Physically, our eyes do two things when we focus at different distances:
- They use muscles to reshape their biological lenses to optically focus the light from a point at a certain distance onto our retinas-- this is how we make images sharp and clear at different distances and it's the part that glasses and contact lenses help us correct when our eyes are imperfect.
- They pivot relative to each other so both eyes are looking at the same thing, this is a dominant method (among others) that our brain uses to figure out how far away something is. (Our brain is heavily involved here though, so it's more than just a simple triangulation.

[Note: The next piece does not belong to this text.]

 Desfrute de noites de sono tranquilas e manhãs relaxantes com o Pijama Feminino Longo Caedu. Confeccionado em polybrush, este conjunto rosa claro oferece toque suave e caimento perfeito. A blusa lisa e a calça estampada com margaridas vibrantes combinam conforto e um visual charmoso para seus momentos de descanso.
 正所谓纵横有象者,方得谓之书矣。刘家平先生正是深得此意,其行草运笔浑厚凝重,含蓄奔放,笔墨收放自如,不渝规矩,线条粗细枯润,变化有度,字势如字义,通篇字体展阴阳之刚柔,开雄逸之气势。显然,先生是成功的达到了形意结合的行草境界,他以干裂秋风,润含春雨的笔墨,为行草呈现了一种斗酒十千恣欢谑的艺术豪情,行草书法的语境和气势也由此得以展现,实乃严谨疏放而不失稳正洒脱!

We also use scale, lighting, parallax and other things to infer distance which is why we can get a sense of 3D space in a 2D image).
The cameras capturing live action 3D movies have to make similar choices-- they're spaced apart a certain amount to give a sense of depth, but they have to choose a focal point which is why even though you can look around a 3D movie and get a sense of depth, only part of it is in sharp focus.

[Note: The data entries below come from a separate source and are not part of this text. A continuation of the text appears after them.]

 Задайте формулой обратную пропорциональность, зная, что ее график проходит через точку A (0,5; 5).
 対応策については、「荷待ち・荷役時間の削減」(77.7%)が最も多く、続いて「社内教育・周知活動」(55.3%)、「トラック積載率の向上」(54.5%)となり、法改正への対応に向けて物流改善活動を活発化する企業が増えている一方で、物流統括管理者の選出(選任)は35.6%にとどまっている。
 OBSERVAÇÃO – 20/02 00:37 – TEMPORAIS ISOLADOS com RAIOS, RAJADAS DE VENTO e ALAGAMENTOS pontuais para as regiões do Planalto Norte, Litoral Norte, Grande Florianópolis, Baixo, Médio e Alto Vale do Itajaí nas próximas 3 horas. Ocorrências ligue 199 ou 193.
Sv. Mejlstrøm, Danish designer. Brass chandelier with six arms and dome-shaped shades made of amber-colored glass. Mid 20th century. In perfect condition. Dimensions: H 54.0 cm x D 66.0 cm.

The independent displays to each eye give the sense of depth by getting our eyes to pivot relative to each other. But that display is at one apparent distance, and that's where our eyes will focus their lenses.

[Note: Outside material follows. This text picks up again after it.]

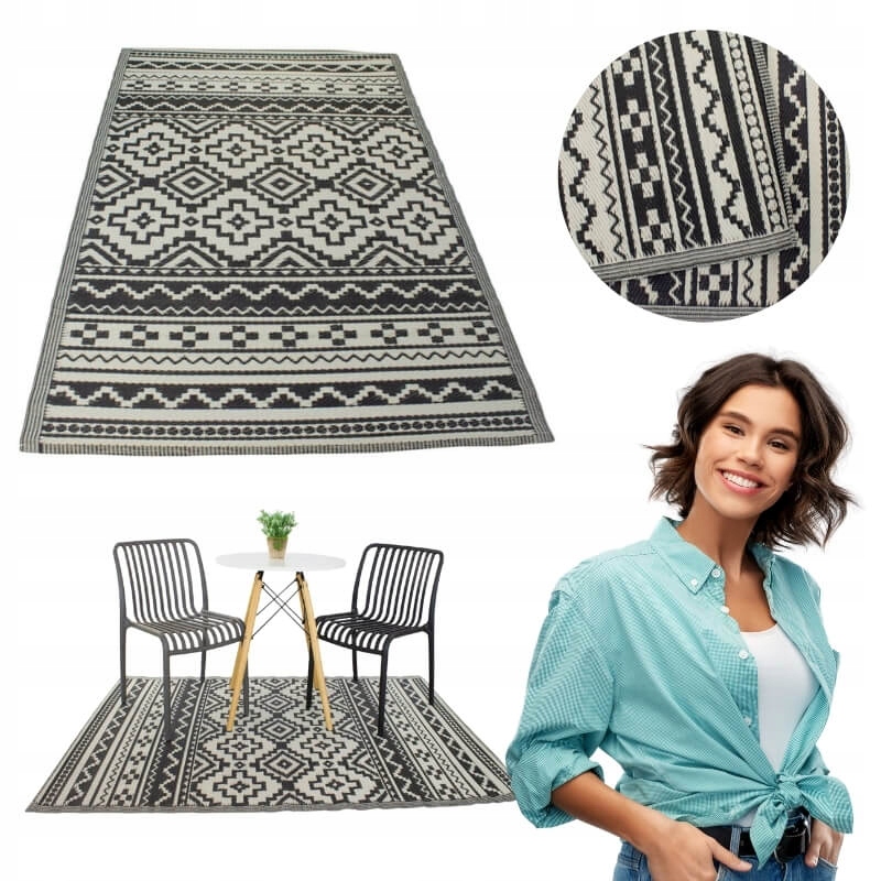 Зовнішній килим на балконній терасі 120x180 Великий водонепроникний чорний бохо
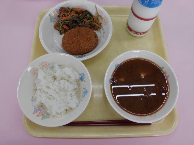 ごはん・牛乳・コロッケ・千切りごぼうの甘辛煮・豚汁

I say apparent distance because the optics between the eyes and the display change optical light field and put the focal point further away than the actual display. We're not focusing an inch in front of our eyes even if that's where the display is because the optics are extending the focal distance to some further point. This is why even if you're near sighted (see well close but poorly far away) you need to have corrective lenses in AVP to see the displays that are physically close to your eyes-- the optics in between changed the focus.
The focus optics are a 3D phenomenon, so there's no way to adjust it by adjusting the image on the display itself. There's been some work done on
light field imaging that capture vector light fields so you can refocus a captured image later (or extend the depth of field)-- presumably a similar technique could be done at the display to change apparent point of focus but those trade pixel density to get that effect and the AVP displays are already remarkably dense to get retina resolution at that distance. This is why some folks are looking at raster lasers to scan the image directly to your retina, because there's no focal point in that case-- that just makes me uncomfortable for probably irrational reasons, though.
Unless the optics in the AVP are motorized, there's no real way to change the focus point for each eye. I'd guess they picked a neutral distance to minimize the amount of muscle strain in the eye needed to focus at that distance-- it will be different than looking at a display close to your face where you have constantly exercise your eye muscles just to stay focused.
So, I'm not an ophthalmologist, but all the above leads me to guess that there won't be eye strain in the same way we have it reading too close to our faces. What I don't know is if the brain is sensitive to the fact that your eyes are focusing at one distance and triangulating to another. It wouldn't surprise me if it is-- we use all sorts of hints in the brain to measure our surroundings. Some of these things our brain just seems to quickly adapt to, some of them lead to distress that takes the form or nausea or disorientation.
And since I've already written too much, I'll throw this in because I think it's an interesting theory about why we get nauseous in these situations: our brains are highly evolved to the natural world and knows how to expect the natural world to behave. When we sit in the back of a car reading a book, or a headset lags our head motion, our eyes and the fluid in our ears disagree about how we're moving-- but we didn't evolve for cars or head tracking displays. What in prehistoric nature would lead to mismatched sensor inputs? Neurotoxins. So our body's response it make itself puke up the poison.